Shares in STV (STVG) rose nearly 7 per cent to their highest level in almost five years after the Scottish broadcaster delivered a first-half performance ahead of analyst expectations and announced its intention to resume dividend payments. The board plans to make a 1.5p-a-share final payout. Moreover, the group made solid progress in reducing net debt by over a fifth to £43.4m, while the pension fund deficit was cut from £23m to £15m.

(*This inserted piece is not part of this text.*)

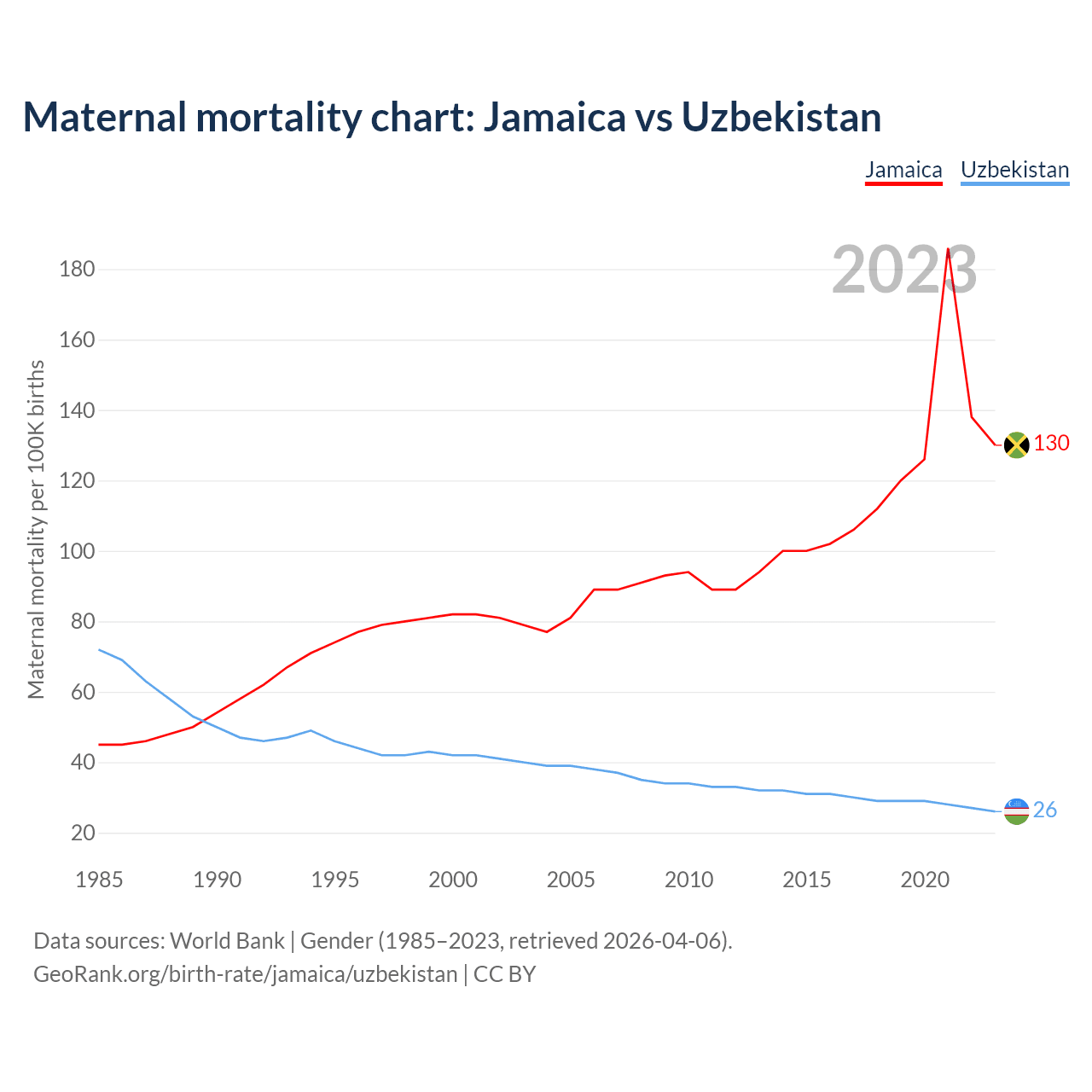 The maternal mortality rate, which is the probability of dying during childbirth or within 42 days of pregnancy termination, is 130 deaths per 100,000 live births in Jamaica, compared to 26 deaths in Uzbekistan.

The profit performance was solid enough, but less impressive than the headline figures suggest as a one-off £4.9m charge reduced profits last year. Adjust for that and operating profits edged up 1 per cent to £8.2m. On the production side, revenues increased 84 per cent to £4.6m and, while the business is profitable, the division reported a loss of £500,000 due to the timing of payments. Still, the pipeline of new business remains strong, including a recommission of a further 12 episodes of Catchphrase for ITV1.
On the consumer channels side, national airtime revenue grew by 4 per cent, and is expected to have risen by 6 per cent by the end of the third quarter. New digital products and mobile services have been launched, and a local television service for Glasgow and Edinburgh are planned for next year.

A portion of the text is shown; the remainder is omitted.